### INSTRUCTIONS FOR THE TASK
In the listing below, locate the line with "제조사 | 펜디/(주)언커먼레이블-병행수입 |" and the line with "Набор раскрасок для", then output both and everything between them exactly, minus any pictures.

### INPUT DATA
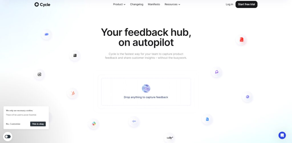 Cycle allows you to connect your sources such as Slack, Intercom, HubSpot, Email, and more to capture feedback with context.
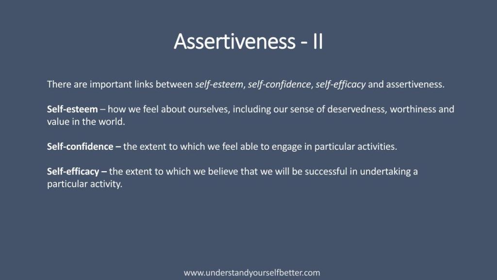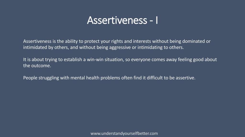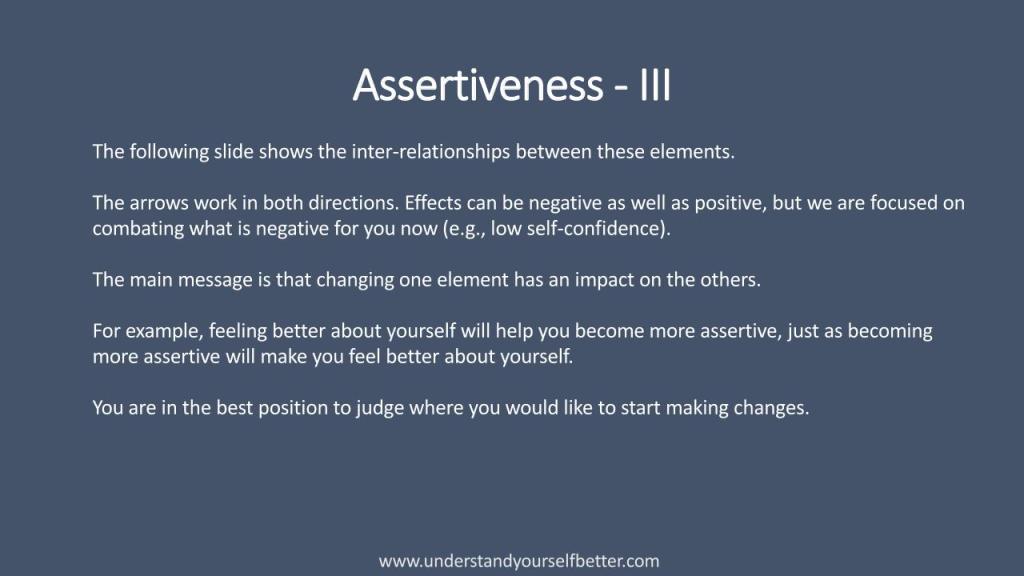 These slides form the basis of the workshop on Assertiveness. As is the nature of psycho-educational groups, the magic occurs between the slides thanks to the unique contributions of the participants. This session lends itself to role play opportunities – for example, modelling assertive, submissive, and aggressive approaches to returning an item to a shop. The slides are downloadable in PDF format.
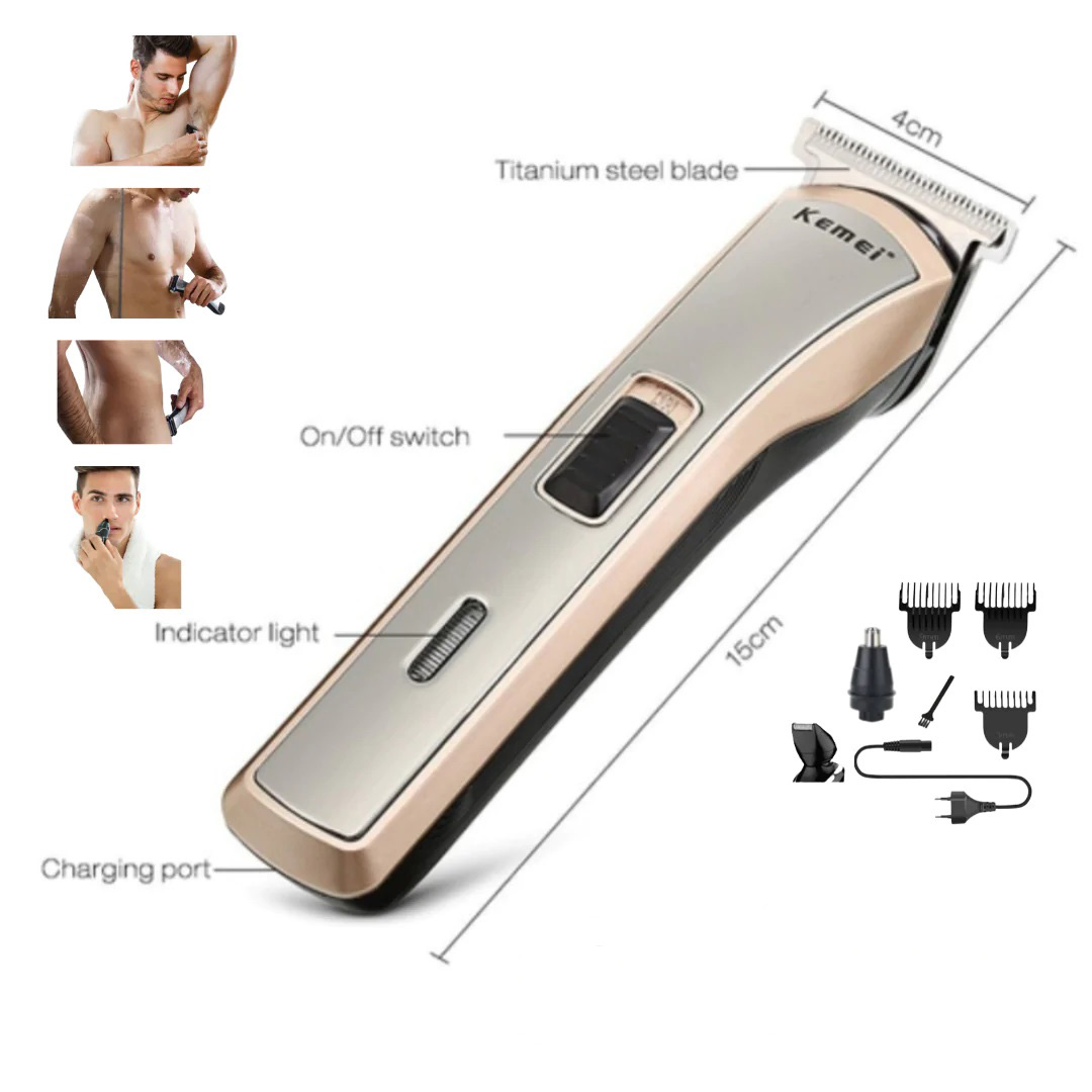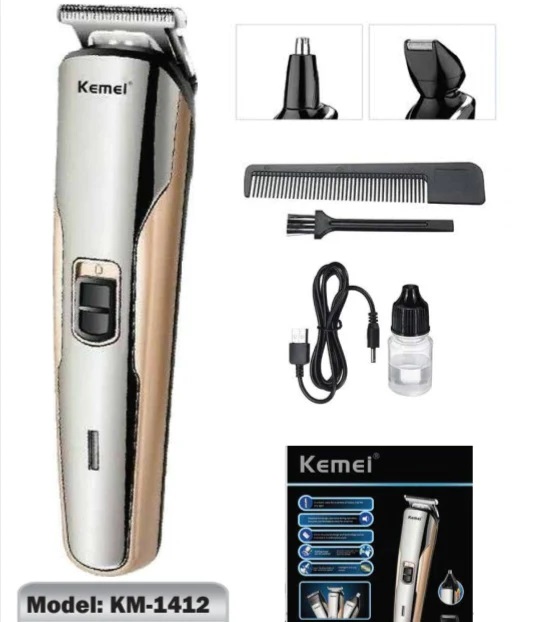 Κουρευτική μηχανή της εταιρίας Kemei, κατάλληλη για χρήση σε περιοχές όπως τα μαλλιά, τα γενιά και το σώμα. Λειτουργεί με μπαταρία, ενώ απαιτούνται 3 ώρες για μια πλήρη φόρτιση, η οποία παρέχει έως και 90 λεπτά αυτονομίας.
...
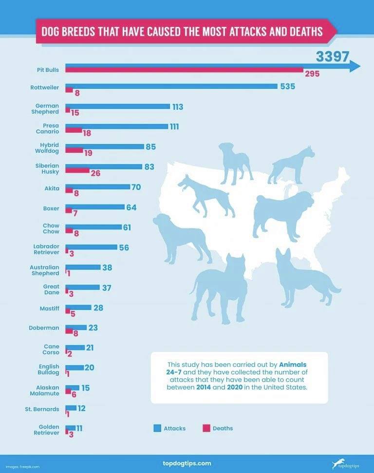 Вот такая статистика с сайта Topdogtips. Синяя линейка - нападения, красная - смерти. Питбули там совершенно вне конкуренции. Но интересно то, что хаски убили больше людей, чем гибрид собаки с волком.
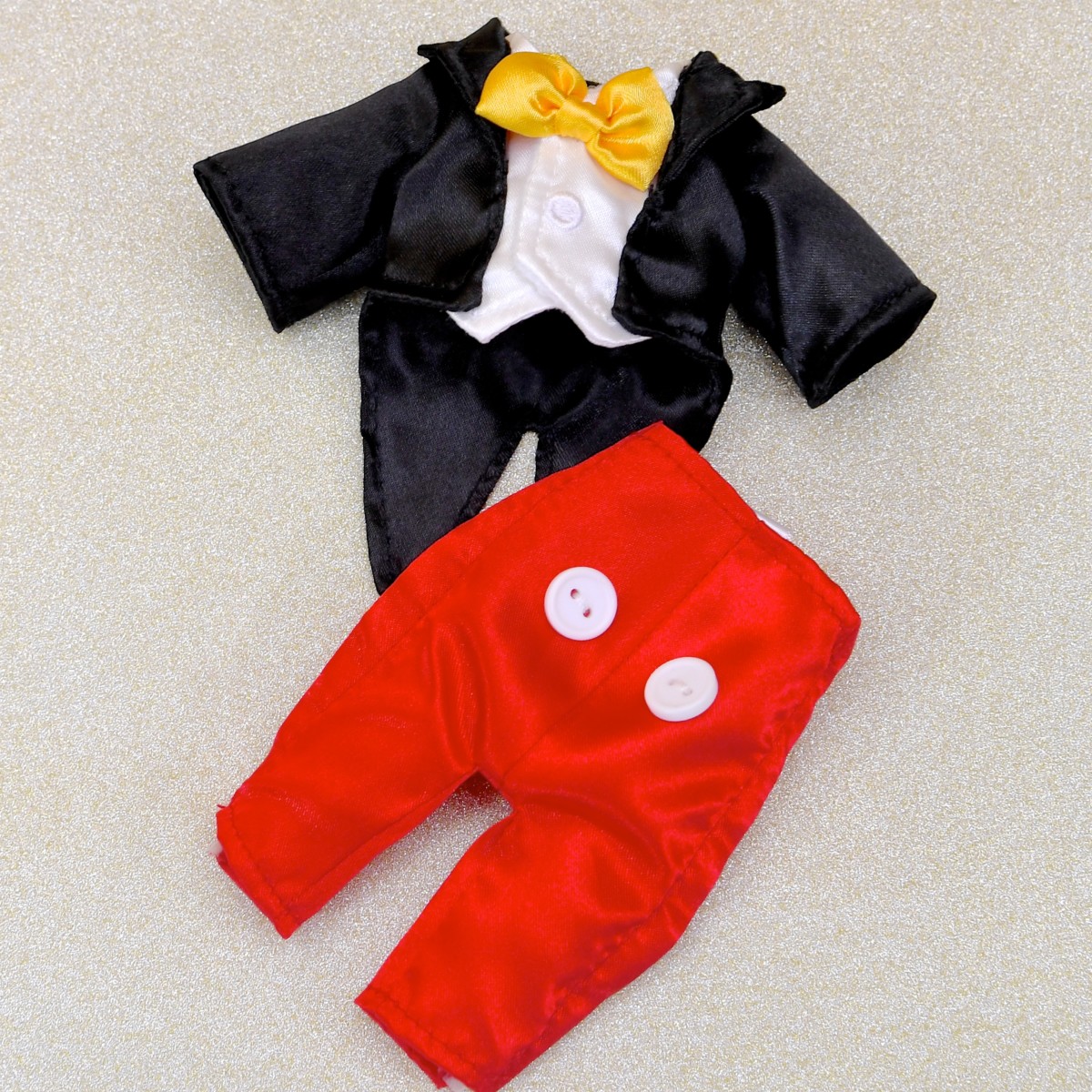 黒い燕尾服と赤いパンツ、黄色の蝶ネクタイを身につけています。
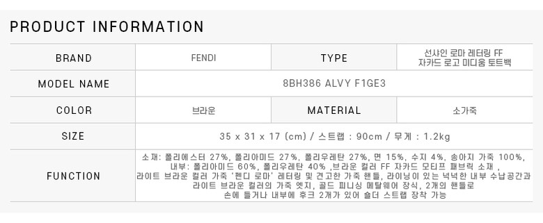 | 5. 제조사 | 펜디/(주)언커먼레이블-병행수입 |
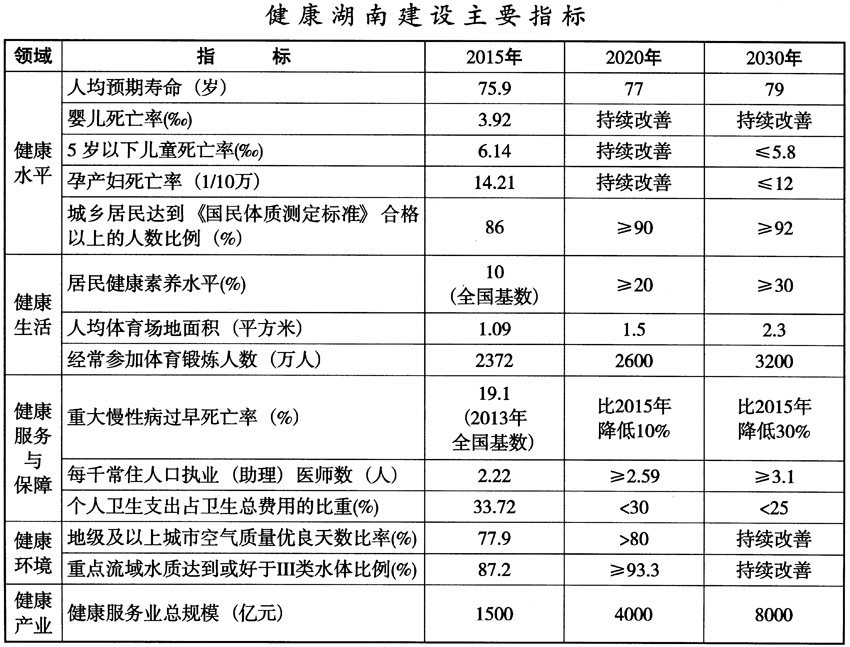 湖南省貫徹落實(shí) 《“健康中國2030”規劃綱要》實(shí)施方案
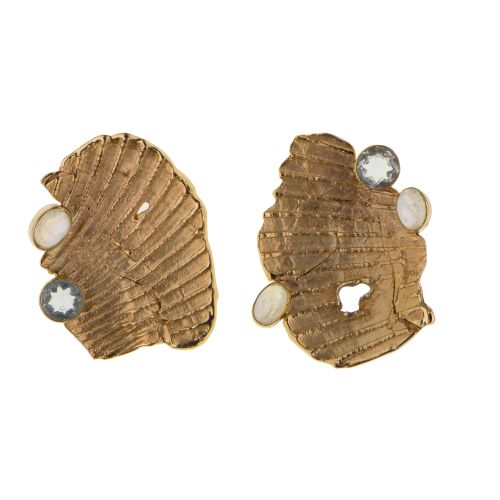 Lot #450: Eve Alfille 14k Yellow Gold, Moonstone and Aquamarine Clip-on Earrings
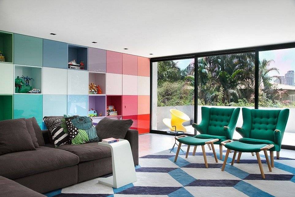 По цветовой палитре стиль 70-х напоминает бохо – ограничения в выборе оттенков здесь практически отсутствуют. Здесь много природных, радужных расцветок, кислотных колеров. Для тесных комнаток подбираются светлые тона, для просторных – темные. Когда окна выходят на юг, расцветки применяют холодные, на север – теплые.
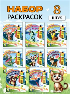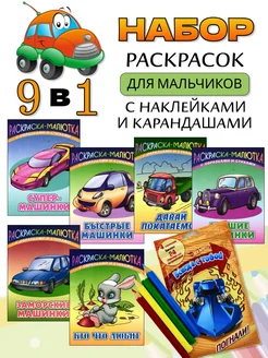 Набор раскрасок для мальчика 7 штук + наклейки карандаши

### RESPONSE FOR THIS EXERCISE
 | 5. 제조사 | 펜디/(주)언커먼레이블-병행수입 |
 湖南省貫徹落實(shí) 《“健康中國2030”規劃綱要》實(shí)施方案
 Lot #450: Eve Alfille 14k Yellow Gold, Moonstone and Aquamarine Clip-on Earrings
 По цветовой палитре стиль 70-х напоминает бохо – ограничения в выборе оттенков здесь практически отсутствуют. Здесь много природных, радужных расцветок, кислотных колеров. Для тесных комнаток подбираются светлые тона, для просторных – темные. Когда окна выходят на юг, расцветки применяют холодные, на север – теплые.
 Набор раскрасок для мальчика 7 штук + наклейки карандаши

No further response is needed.